◆ Instructions to follow: Among the entries below, only the lines from the one with "Accompanying the photograph" through the one with "Il cast corale" are wanted, reproduced exactly. Pictures are not wanted.

◆ Data provided:
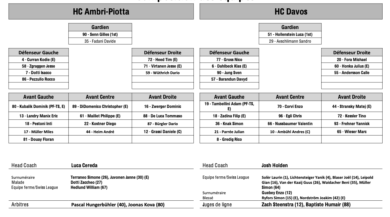 Formation des équipes et joueurs indisponibles pour le match Ambri vs Davos 07/12/2024 Follow SwissHabs Derniers articles Il y a 3 heures Les Sharks prolongent l'attaquant Kiefer Sherwood pour cinq ans Il y a 4 heures Tyler Myers à Dallas Il y a 5 heures Le point sur l'effectif de Lugano Il y a 7 heures Ambri prolonge Jussi Tapola et signe Petr Kodytek Il y a 8 heures Robin Grossmann manquera les derniers matchs de la saison régulière
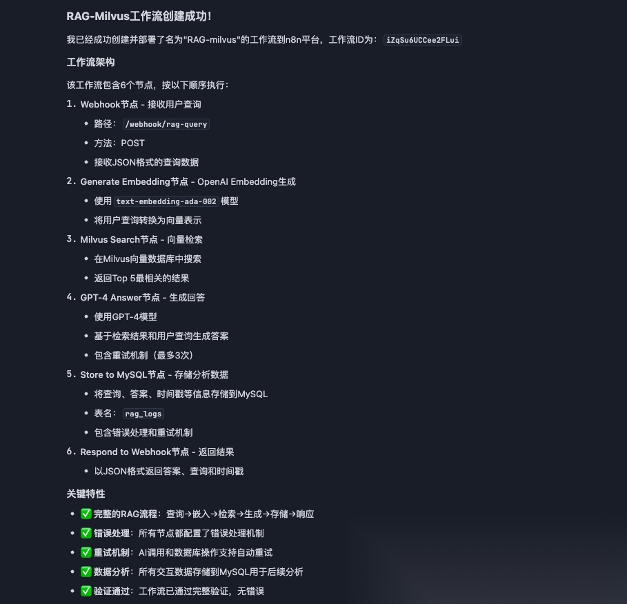 请创建一个名字为RAG-milvus的工作流,并直接部署在n8n平台,要求:
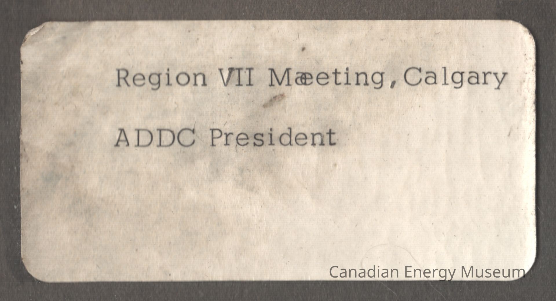 Accompanying the photograph (via proximity on the scrapbook page and context) is a white adhesive label with the typewritten text "Region VII Meeting, Calgary; ADDC President".
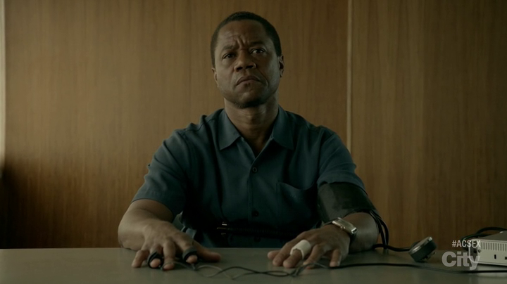Il cast corale di questa prima stagione si avvale di grandi interpreti cinematografici e televisivi, come già American Horror Story ci aveva abituato: da Cuba Gooding Jr. (che interpreta un ottimo O.J. Simpson), a uno straordinario ed irriconoscibile John Travolta (l’avvocato della difesa Robert Shapiro), passando per una carismatica Sarah Paulson (l’avvocato dell’accusa Marcia Clark) in uno scenario da procedural drama dove i personaggi non sono mai stereotipati ma dimostrano grande versatilità e sfaccettature diverse. Ognuno di essi è dotato di lati negativi e positivi così da rendere difficile fino all’ultimo, da parte della “giuria televisiva”, stabilire chi sia veramente colpevole e chi no. Il primo impatto con i protagonisti è ottimo, non c’è moltissimo spazio per introspezione o empatia perchè Scott Alexander e Larry Karaszewski si focalizzano più sullo sviluppo della trama che sui character, tuttavia già così le interpretazioni di Sarah Paulson, John Travolta e Cuba Gooding Jr. sono eccellenti e lasciano intendere che da qui alla fine ci sarà molto spazio di manovra per l’analisi e l’empatizzazione. L’unico che appare un po’ impacciato è David Schwimmer, non proprio a suo agio fuori dall’ambiente sit-com in cui è rimasto incastrato dalla fine di Friends.
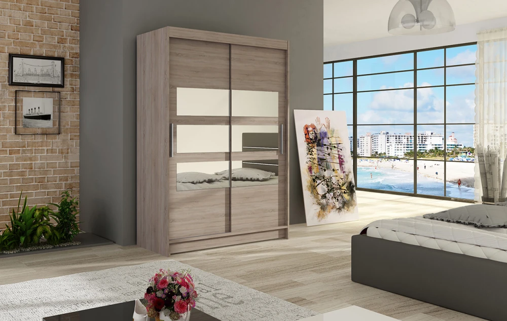 Moderní a elegantní design skříně osloví i náročné zákazníky. Eleganci podtrhují dlouhé stříbrné úchyty a moderní nádech dodávají zrcadla, která jsou nalepena na dveřích skříně. Je vyrobena z lamina o síle 16 mm a hrany jsou ukončeny ABS lištou. Vodící lišty jsou vyrobeny z odolného hliníku a splňují požadavky pro každodenní užívání. Díky svému uspořádání poskytuje dostatek úložného prostoru. Skvěle se hodí do ložnice, předsíně, dětského, nebo studentského pokoje. Skříň je dodávána v demontu a součástí je montážní plánek včetně všech potřebných spojovacích materiálů. Vyobrazené dekorace nejsou v ceně. Skleněná zrcadla jsou součástí skříně.
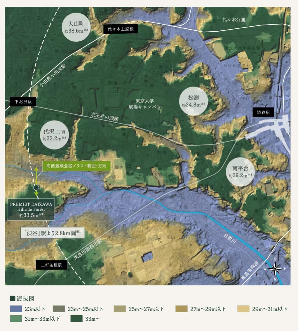 高級住宅街に共通することって高台に位置することなんですよね。代沢は世田谷区の中でも高台の位置にあります。さらに筑波大付属中高や東京大学も近く、偏差値的にも最高峰といえる文教エリアでもあります。
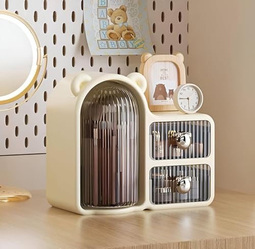 - يوفر نظام تخزين مقسم مع مساحات مخصصة لتنظيم فعال لمستحضرات التجميل واللوازم المكتبية
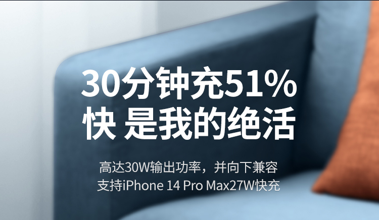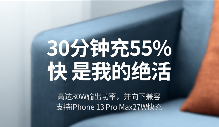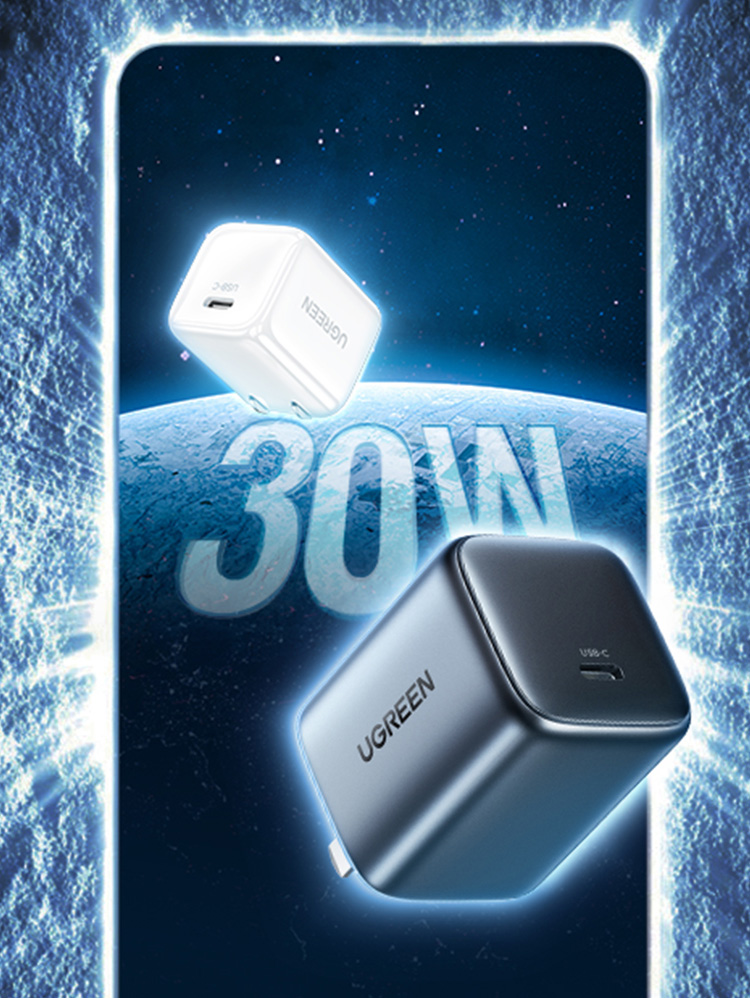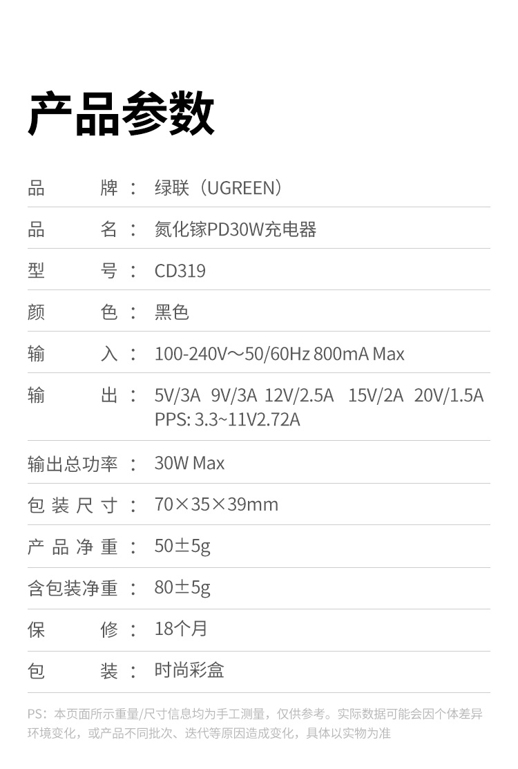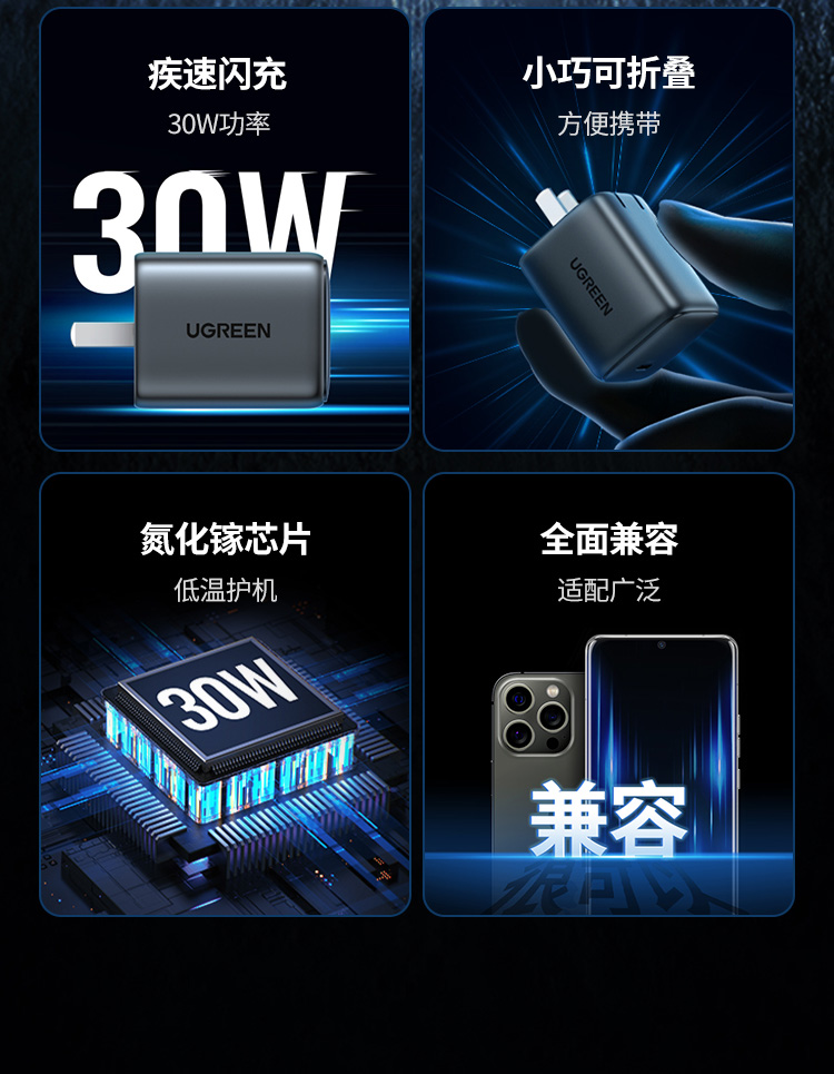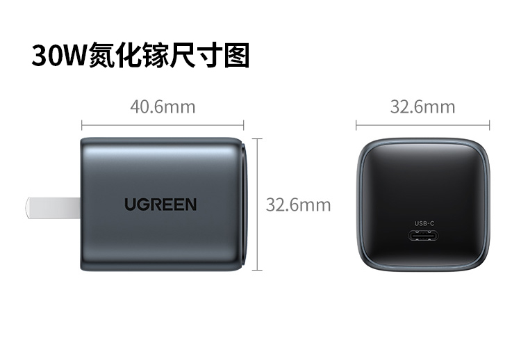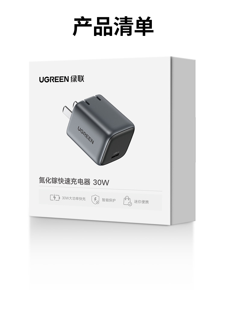 商品名称:绿联氮化镓PD30W快速充电器 CD319 Type-C快充头/个 铁灰色

◆ Result for this exercise:
 Accompanying the photograph (via proximity on the scrapbook page and context) is a white adhesive label with the typewritten text "Region VII Meeting, Calgary; ADDC President".
Il cast corale di questa prima stagione si avvale di grandi interpreti cinematografici e televisivi, come già American Horror Story ci aveva abituato: da Cuba Gooding Jr. (che interpreta un ottimo O.J. Simpson), a uno straordinario ed irriconoscibile John Travolta (l’avvocato della difesa Robert Shapiro), passando per una carismatica Sarah Paulson (l’avvocato dell’accusa Marcia Clark) in uno scenario da procedural drama dove i personaggi non sono mai stereotipati ma dimostrano grande versatilità e sfaccettature diverse. Ognuno di essi è dotato di lati negativi e positivi così da rendere difficile fino all’ultimo, da parte della “giuria televisiva”, stabilire chi sia veramente colpevole e chi no. Il primo impatto con i protagonisti è ottimo, non c’è moltissimo spazio per introspezione o empatia perchè Scott Alexander e Larry Karaszewski si focalizzano più sullo sviluppo della trama che sui character, tuttavia già così le interpretazioni di Sarah Paulson, John Travolta e Cuba Gooding Jr. sono eccellenti e lasciano intendere che da qui alla fine ci sarà molto spazio di manovra per l’analisi e l’empatizzazione. L’unico che appare un po’ impacciato è David Schwimmer, non proprio a suo agio fuori dall’ambiente sit-com in cui è rimasto incastrato dalla fine di Friends.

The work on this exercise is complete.